I laughed and said, “It’s okay, I think I am beginning to get the idea that there is a difference between where you are from and who you are. I have a feeling that it’s going to be a lot of work and a long process for me to learn just who I really am.”

“I think you are well on your way, from what I see and the way you grabbed school by the horns. I have no doubt that you will figure it all out. And just in case you are wondering where the school’s horns are, it’s just a figure of speech. Just like ‘living in a bubble.’”

We both laughed as we continued to drink the coffee. The coffee was so much stronger than the instant coffee I always drank.

“How is the coffee?” George asked.

“It’s stronger than I’m used too but I like it. I might be ruined now, how can I go back to instant coffee after this?”

“You shouldn’t go back to instant coffee. I don’t know how you drink that crap.”

“Well, I put it in a cup and take one small sip at a time, that’s how.”

He laughed and said, “Yes! That’s a good one, Anna.”

I got up and walked over toward the balcony door to see if the police were still there. George followed me, slid the balcony door open and we stood there looking down the street. The police cruisers were still parked by the front entrance.

I was reminded that standing beside George on his balcony, early on a Saturday morning, drinking coffee, was very risky. How would explain that one to my mom if she heard about that?

I looked around to see if anyone might see me up there.

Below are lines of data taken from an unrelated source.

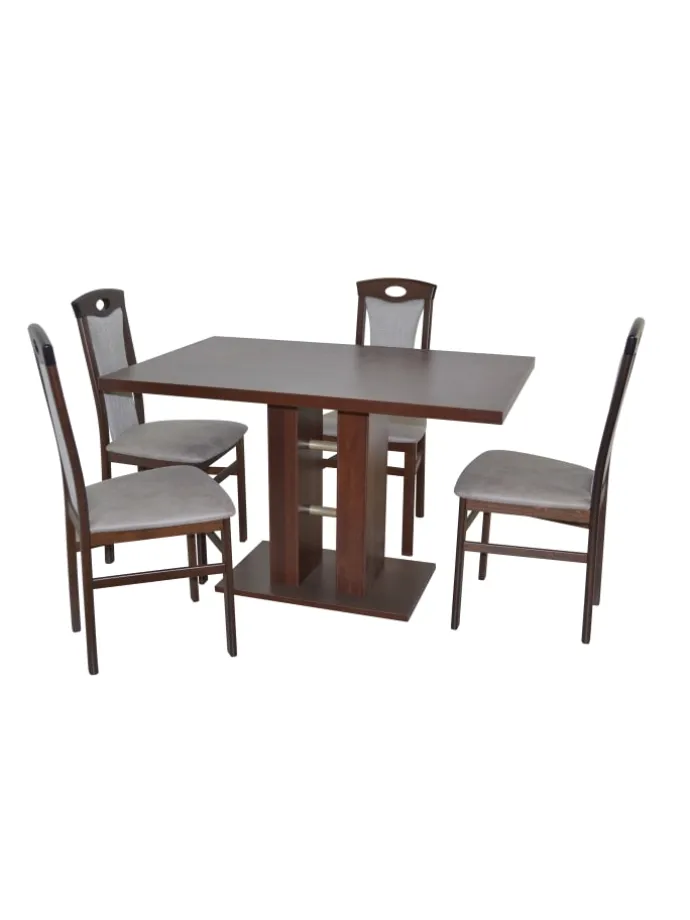 Hochwertige 5tlg. Essgruppe bestehend aus 4 Massivholzstühlen und 1 Esstisch. Stühle aus Massivholz Buche, nussbaumfarben gebeizt und lackiert. Sitz und Rücken sind bequem schaumstoffgepolstert und mit attraktiven Stoffbezügen bezogen. Sitz mit einem Bezug in Kunstlederoptik (100% Polyester), Rücken mit einem Strukturstoffbezug (90% Polyester/10% Rayon). Praktisch die eingearbeitete Griffmuschel im oberen Rückenbereich. Esstisch mit einem modernen Säulengestell komplett aus Holzwerkstoff gefertigt und mit einem strapazierfähigen, pflegeleichten Melamin-Holzdekor, Nussbaum-Nachbildung, beschichtet. Zusätzlich 2 silberfarbene Rohre im Säulengestell kombiniert. Die Stühle werden montiert angeliefert, der Esstisch flach verpackt zur Selbstmontage, inklusive Aufbauanleitung. Maße ca. cm je Stuhl: (B/H/T) 45/95/48. Sitzhöhe ca. 46 cm, Sitztiefe ca. 39 cm. Maße ca. cm Esstisch: (B/H/T) 120/75/80
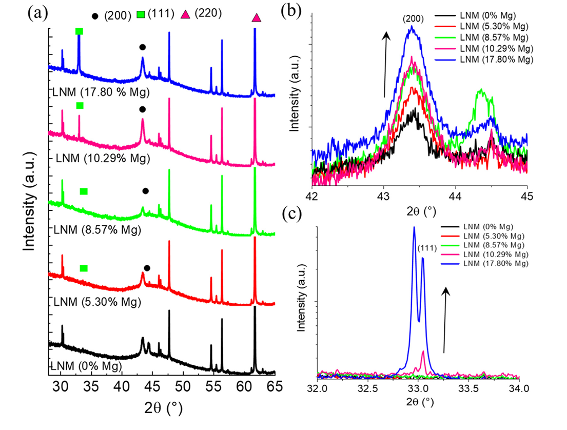 图 2. (a) p 型 LiyNi1-x-yMgxO 薄膜的 XRD 图谱,(b) 不同 Mg 靶射 RF 功率下的 (200) 晶向,(c) 不同 Mg 靶射 RF 功率下的 (111) 晶向。
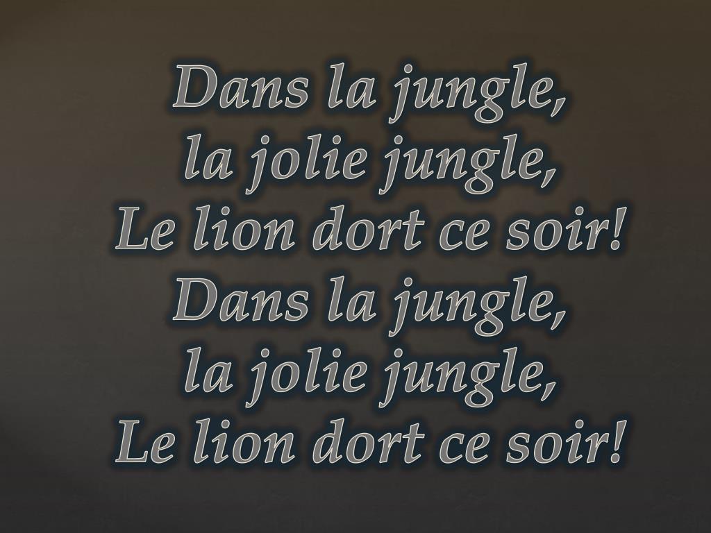 Dans la jungle, la jolie jungle, Le lion dort ce soir! Dans la jungle, la jolie jungle, Le lion dort ce soir!
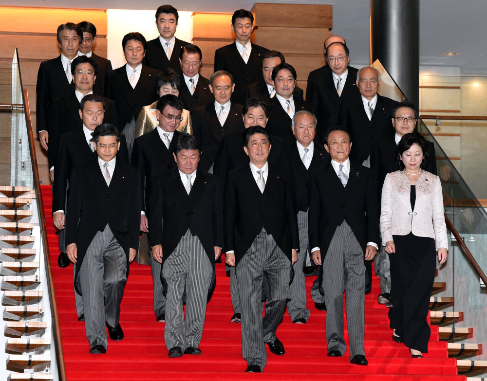 2017年11月1日,在日本东京首相官邸,日本首相安倍晋三(前排中)带领阁僚合影。(新华社摄)

“Anna, don’t worry so much about who might see you up here. It doesn’t matter, especially right now, don’t you think?”

“I know, it shouldn’t. But I just hate that I am causing my mom so much pain. Her life already sucks enough without me making it harder for her. I thought to be this far away from her would make it a bit easier for her, but as it turns out it’s not.”

“Yes, I hear you. But can I tell those people to f#ck off and mind their own f#cking business?”

“No! You cannot do that, George.”

“Okay, I won’t. But I really want to.”


“Okay!” he said, and we both laughed as we watched a black undercover police car pull up to the building. It was the same giant police officer that I had spent so much time with the day before.

He walked straight into the building and came up the stairs to George’s apartment. When I heard the knock on the door my heart started pounding as I anticipated his entrance, wondering what kind of news he might bring.

George invited the police officer in, got a chair out for him, poured him a cup of coffee, and handed it to him. The police officer took his cap off, put it in his lap, and said, “First and foremost: how are you doing, Anna?”

“I think I’m okay. Staying here was the best decision. I felt safe and even slept through the whole night. Much better than yesterday, that’s for sure. I didn’t think that that would happen.”